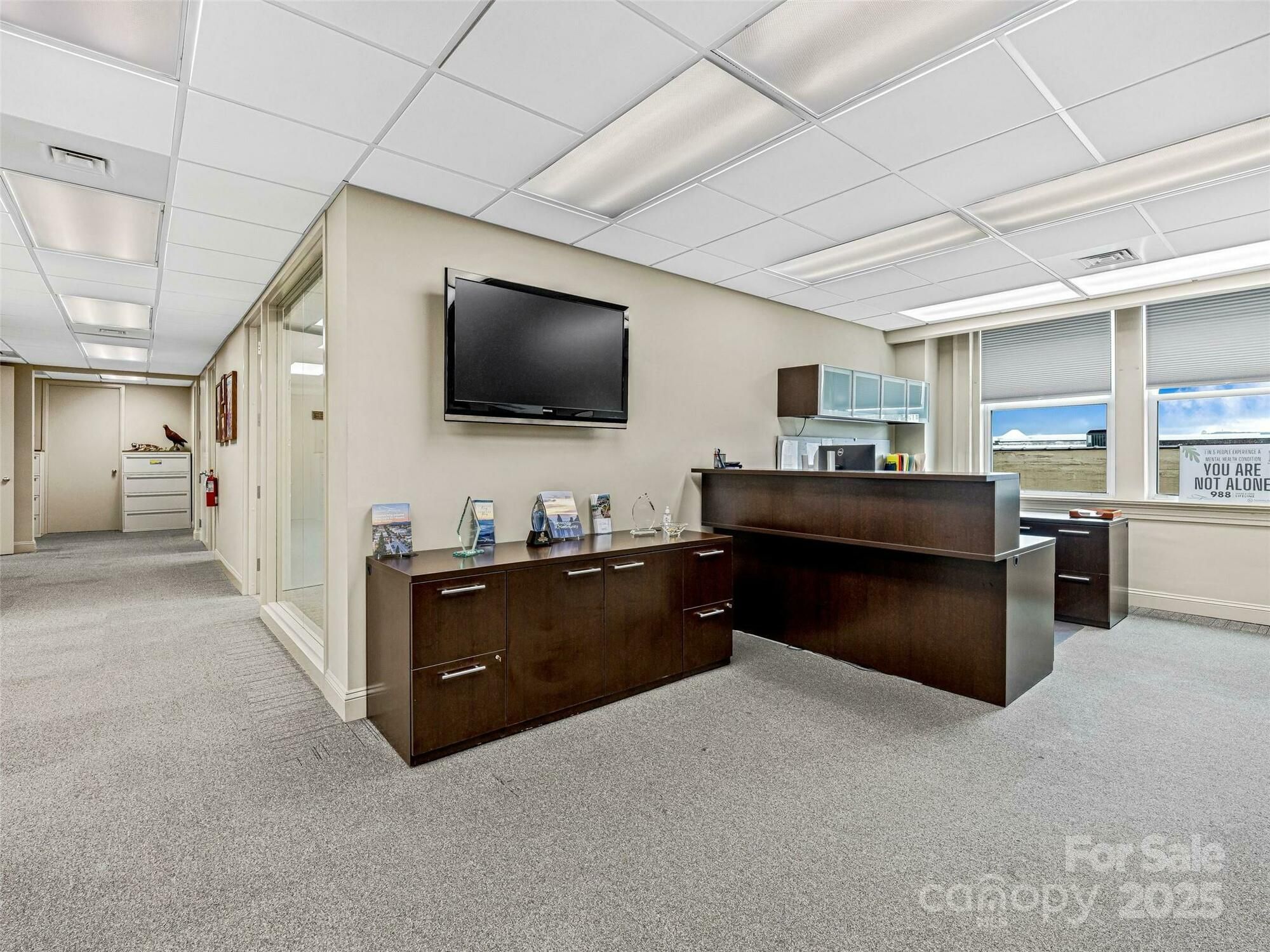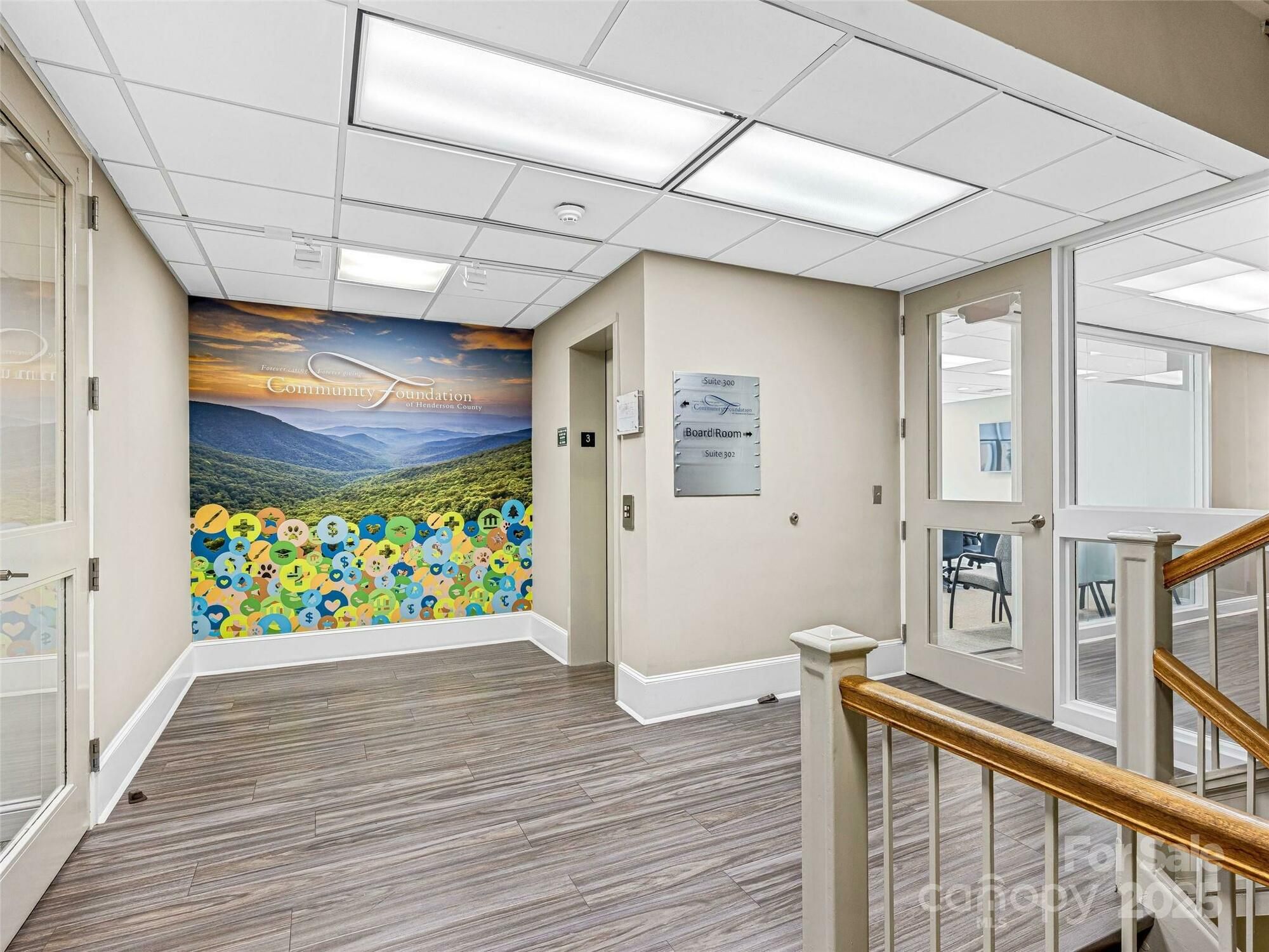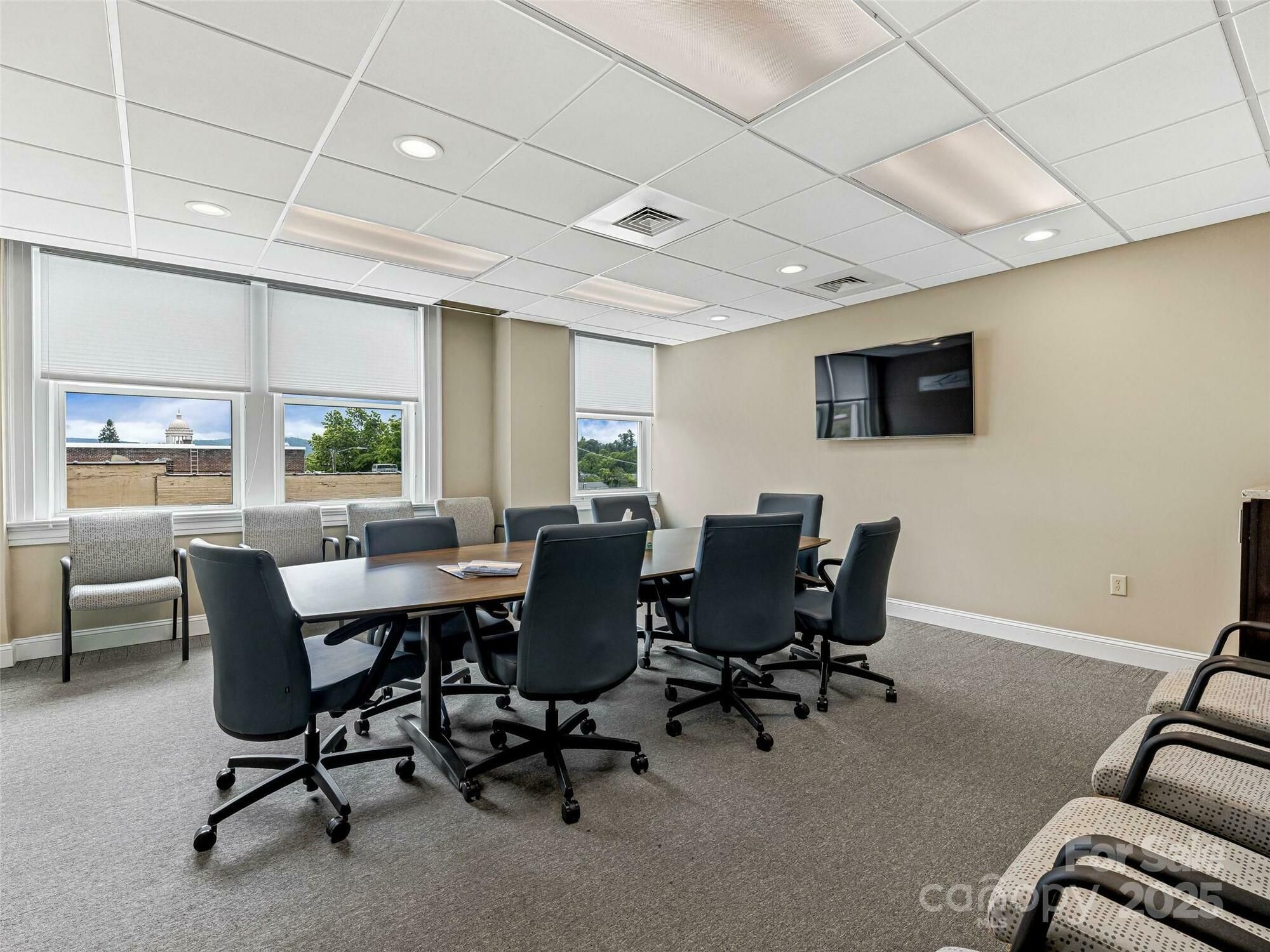 This property features: Prime location in Historic Downtown Hendersonville at the corner of 4th Avenue West and Main Street.; Class A office space spanning the entire 3rd floor (5,700 square feet).; Includes **seven to eight private offices, a spacious conference room, and an adjacent kitchen.**
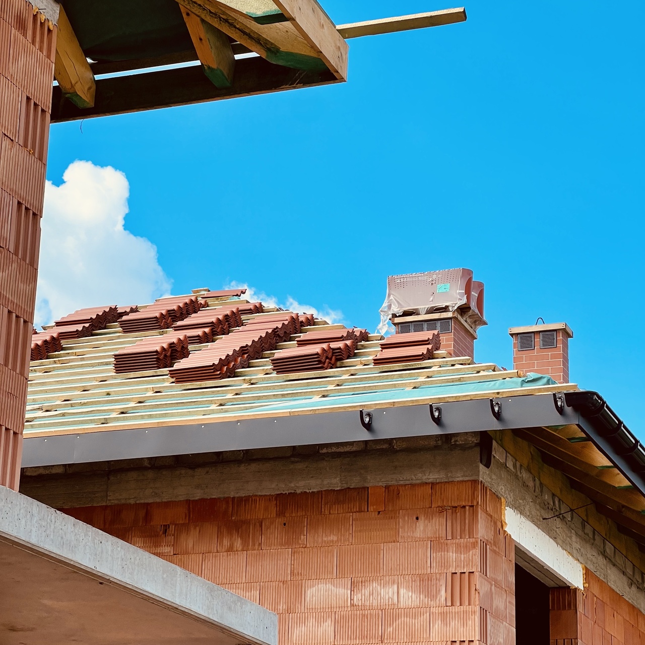 Na ostatnich budynkach trwa montaż więźby dachowej oraz ich pokryć, co oznacza, że już lada dzień, zgodnie z przyjętym harmonogramem prac, inwestycja zyska kolejny kamień milowy!
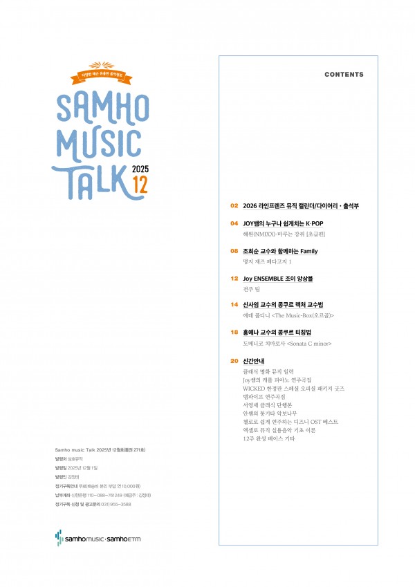 2025년 12월 삼호뮤직톡 표지와 목차입니다 :)
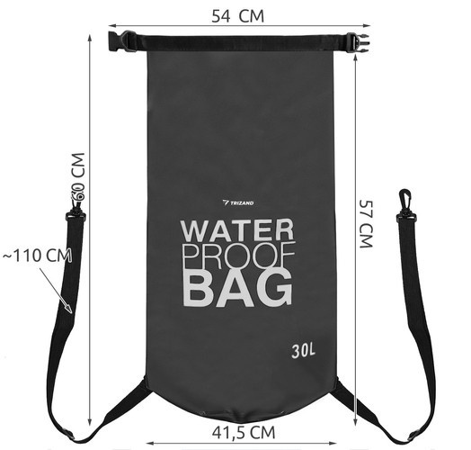 Чантата е изработена от издръжлив материал, който не само е водоустойчив, но и ефективно защитава предметите вътре от надраскване и замърсяване.като брод, пясък и сол. Черният цвят и гладката, хлъзгава повърхност не абсорбират влага или замърсявания, което го прави перфектен дори при екстремна, интензивна употреба и освен това гарантира лесно почистване. Продуктът е здрав и може да се използва многократно за дълъг период от време . 30-литровата чанта позволява да се поставят в нея много полезни и ценни предмети, като телефон, портфейл, дрехи, обувки, книги, карти, фотоапарат, електронни устройства, професионално оборудване, както и предмети с големи размери, в зависимост от индивидуалните нужди.
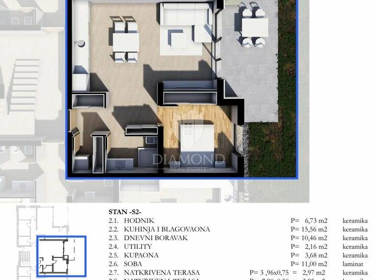 Stan se nalazi u prizemlju, ukupne površine 56.51m2 a sastoji se od: hodnika, blagovaonice i dnevnog boravka, kuhinje, kupaonice, spavaće sobe, ostave i natkrivene terase.
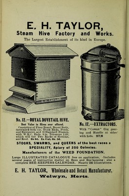Credit: British bee-keeper's guide book to the management of bees in movable-comb hives, and the use of modern bee-appliances : Illustrated / by T.W. Cowan. Source: Wellcome Collection.
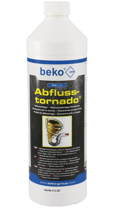 Concentrato pronto all’uso, Rimuove le ostruzioni di tubi, condotte e linee di scarico, penetra attraverso l’acqua stagnante, elimina cattivi odori, utilizzo universale, facile da applicare, azione rapida, rimuove depositi di fibre, carta, capelli, sapone, avanzi di cibo, grasso e molto altro ancora, privo di tensioattivi, cloro e fosfati.

- _TASK STATEMENT_
From the records above, copy exactly the lines starting at the one with "Stan se nalazi" and ending at the one with "Credit: British bee-keeper's", and no others. Pictures stay out.

- _TASK OUTPUT_
 Stan se nalazi u prizemlju, ukupne površine 56.51m2 a sastoji se od: hodnika, blagovaonice i dnevnog boravka, kuhinje, kupaonice, spavaće sobe, ostave i natkrivene terase.
Credit: British bee-keeper's guide book to the management of bees in movable-comb hives, and the use of modern bee-appliances : Illustrated / by T.W. Cowan. Source: Wellcome Collection.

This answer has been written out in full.